Significant defined benefit interests

There are provisions allowing for the transfer balance cap (for persons with large defined benefit, lifetime, life expectancy or market linked income streams) to have their transfer balance cap equal to the transfer balance value of these interests. This stops people with significant defined benefit income streams from being subject to the transfer balance cap, but restricts their pension benefits to this amount as any new retirement income streams will be in excess of this amount and result in an excess transfer balance amount.

On top of this, the draft legislation includes the reduction in tax concessions for defined benefit incomes over $100,000 per annum by removing all tax concessions on pension payments above this amount.

Consequences of excess transfer balances

Where a person has a transfer account balance over their transfer balance cap, an excess transfer balance amount exists. The ATO will issue a notice to the person advising them of the identified excess.

If corrective action to reduce their transfer balance has occurred (for example, rolling back monies from a pension into accumulation), all the person needs to do is advise the ATO. If no action has been taken, the ATO provides 60 days to reduce the transfer balance by the amount identified in the notice.

After 60 days, if there is still an excess the ATO will issue a ’commutation notice’ to a super provider holding funds for the taxpayer, requesting payment of a superannuation lump sum for that member within 30 days of receiving the notice. If the super fund is unable to process the request, they must let the ATO know within 30 days, and if a payment is made the super provider must notify the member within 30 days of when the notice was issued to the super fund.

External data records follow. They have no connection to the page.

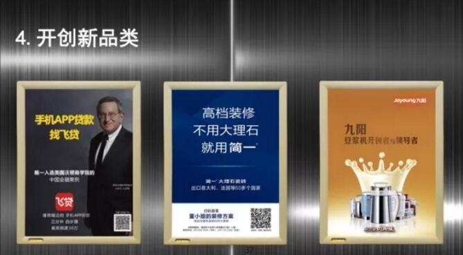 第三個是領導品牌,就是最簡單的「全國銷量遙遙領先」、「中國每十罐涼茶七罐加多寶」、「中國每十臺大吸力油煙機,六臺是老板」。
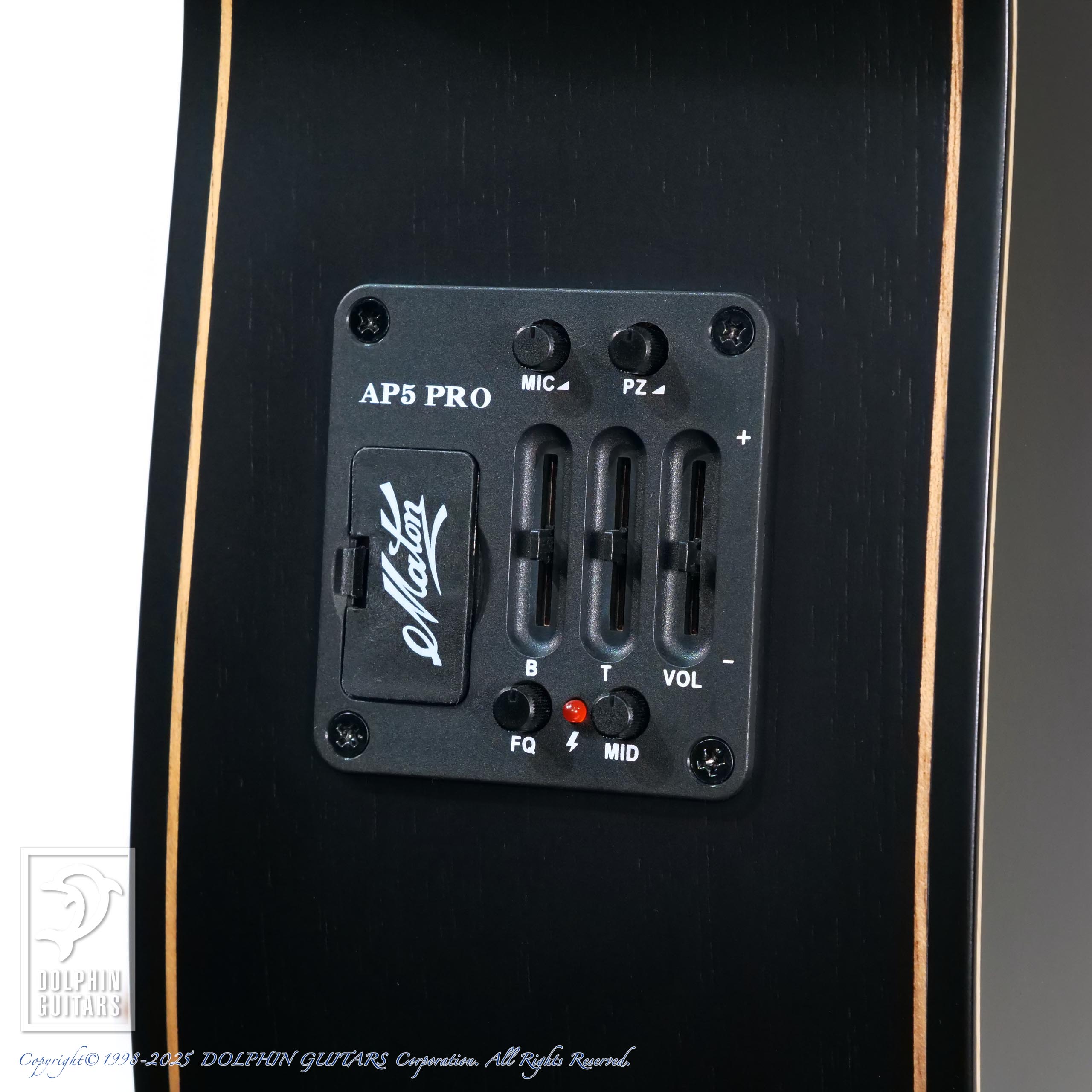 また、搭載されたAP5 Proピックアップ・システムは、コンデンサーマイクを併用する事により、エアー感に加えボディヒット音もアウトプットし、リアルなアコースティックサウンドを出力します。
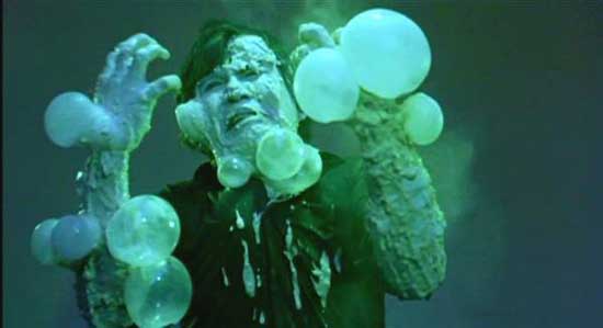 But truly, the silly, dumb and nonsensical shifts hard into gear once we are introduced to the black magic practitioner and his undead bony pet bat. There are stop-motion bat skeletons, a cursed man appears to be covered in paste and balloon-pustules, a goopy guts-covered skull gives hacky-sack spiders a stinger and proboscis, the corpse of a murdered Buddhist holy man guides Hung, Hung literally vomits a live leopard eel, and the black magician eats guts and vomit in order to conjure a slimy disembodied goblin head from some gross gobbeldygoop.
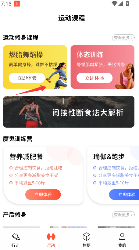 1、找到并点击“燃脂舞蹈操”课程入口,进入该系列课程的详细列表页面。
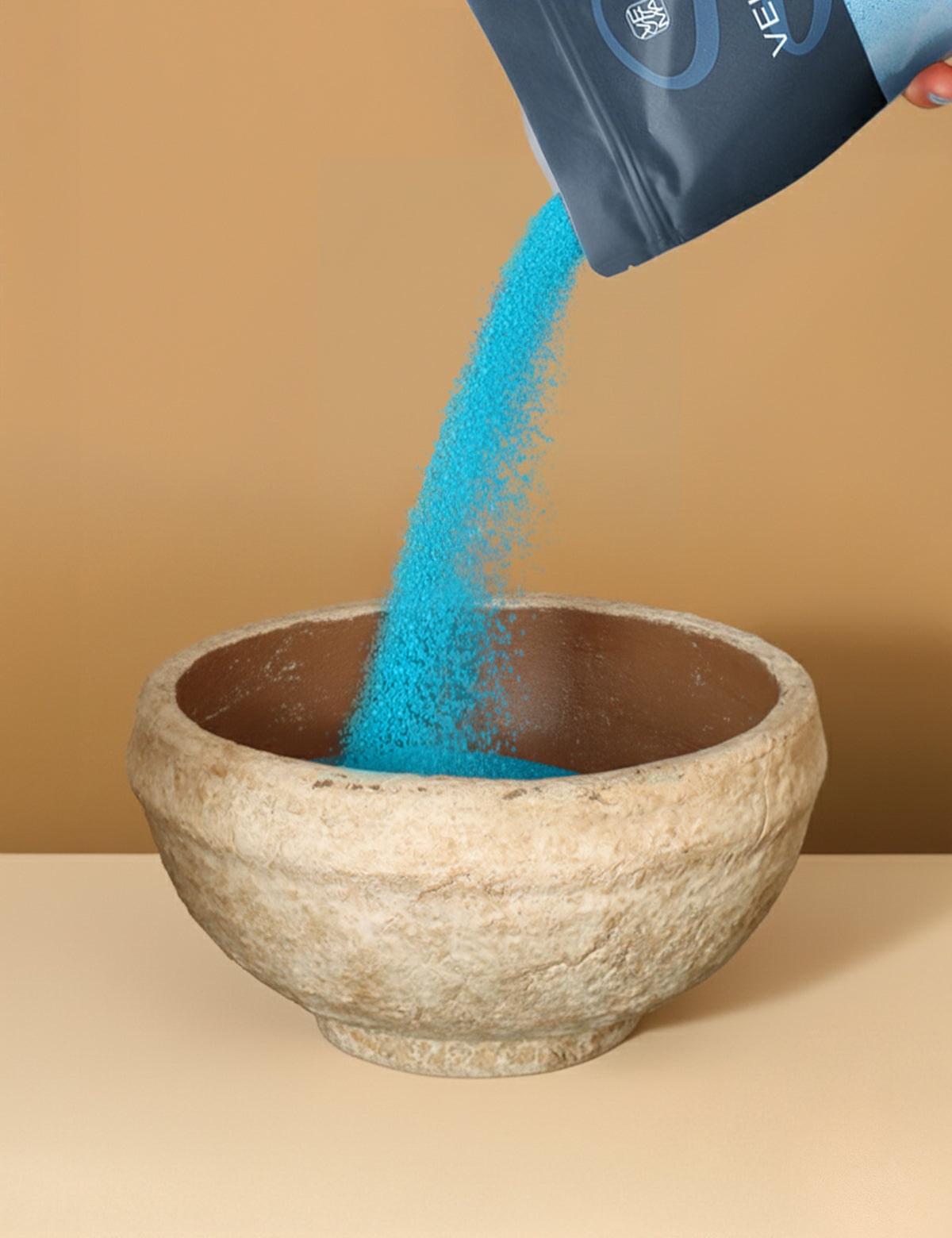 Wähle ein hitzebeständiges Gefäß und fülle Veluma Kerzensand bis zur gewünschten Höhe ein. Größe, Form und Farbe entscheidest du – so, wie es zu dir und deinem Moment passt.
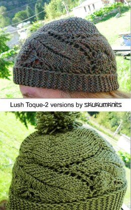 Two hat versions: One features a seed-stitch top, the other is in stockinette. Designed to complement the 'Lush Lace Stole with leaves and acorns'.
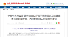 2月16日,中国机构编制网发布《中共中央办公厅国务院办公厅关于调整国家卫生健康委员会职能配置、内设机构和人员编制的通知》。
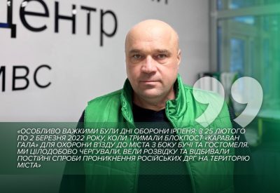 «Особливо важкими були дні оборони Ірпеня: з 25 лютого по 2 березня 2022 року, коли тримали блокпост «Караван Гала» для охорони в’їзду до міста з боку Бучі та Гостомеля. Ми цілодобово чергували, вели розвідку та відбивали постійні спроби проникнення російських ДРГ на територію міста», – пригадує захисник.
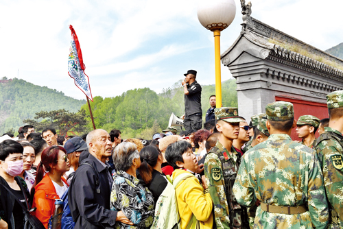 19日上午,中心區(qū)旅游人數(shù)達(dá)到峰值,五爺廟前的廣場是安保壓力最大的區(qū)域,按照活動《方案》建立了兩道隔離帶,公安民警、武警、消防、保安緊密協(xié)作,分兵把守,有序放行。在五爺廟前的焚香區(qū),武警戰(zhàn)士組成人墻迎接一浪高過一浪的人潮沖擊,確保了萬千游客的絕對安全,豆大的汗珠順著他們的臉頰不斷流淌。
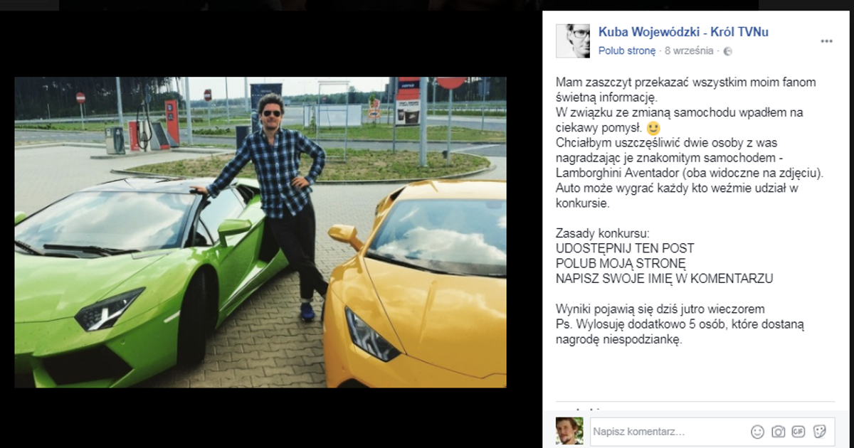 Kuba Wojewódzki Lamborghini : : To konkurs, w którym nie warto brać udziału.. Do tej pory lamborghini zajmowało się produkcją sportowych maszyn i traktorów. Kuba wojewódzki jeździ lamborghini urus. Ostatnio znany showman umieścił na swojej stronie zdjęcie rozbitego lamborghini aventador. Wojewódzki ogłosił konkurs, którego zasady są banalnie proste, a z udostępnionych postów konkursowych wybierze dwójkę zwycięzów. Dodatkowo kuba wybierze 5 osób, które otrzymają.
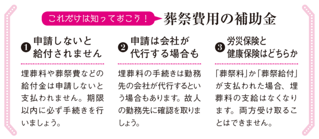 故人が退職などで被保険者としての資格を失っていても、失効から3カ月以内に亡くなった場合は埋葬料の給付対象です。また、業務上災害や通勤災害で亡くなった場合は埋葬料ではなく、労災保険から葬儀費用が給付されます。

Additionally, the excess transfer balance will accrue ‘notional earnings’ which will be taxed at 15 per cent in the individual’s own name for ‘first offenders’. Subsequent offences will cause earnings to be taxed at 30 per cent. Notional earnings are calculated based on the daily general interest charge rate, on the excess balance every day the excess exists. No tax credit exists for these earnings as they are deemed to have been earned in the tax-free pension phase.

Transitional provisions

For persons with monies in retirement income streams at 1 July 2017, there is an allowance for smaller transfer balance excesses. Minor excesses can be disregarded if remedied within 60 days of 1 July 2017 and the excess is less than $100,000.

There are potential capital gains tax (CGT) concessions for assets backing income streams.. We have not covered proposed transitional CGT concessions at this time and will cover this topic in a future Tech Alert.


The transfer balance cap if legislated in its current form will introduce additional complexity in managing client’s retirement income streams.

There is a lot of detail within these amendments and as these are draft legislation, submissions and adjustments may yet be made before the final legislation is passed.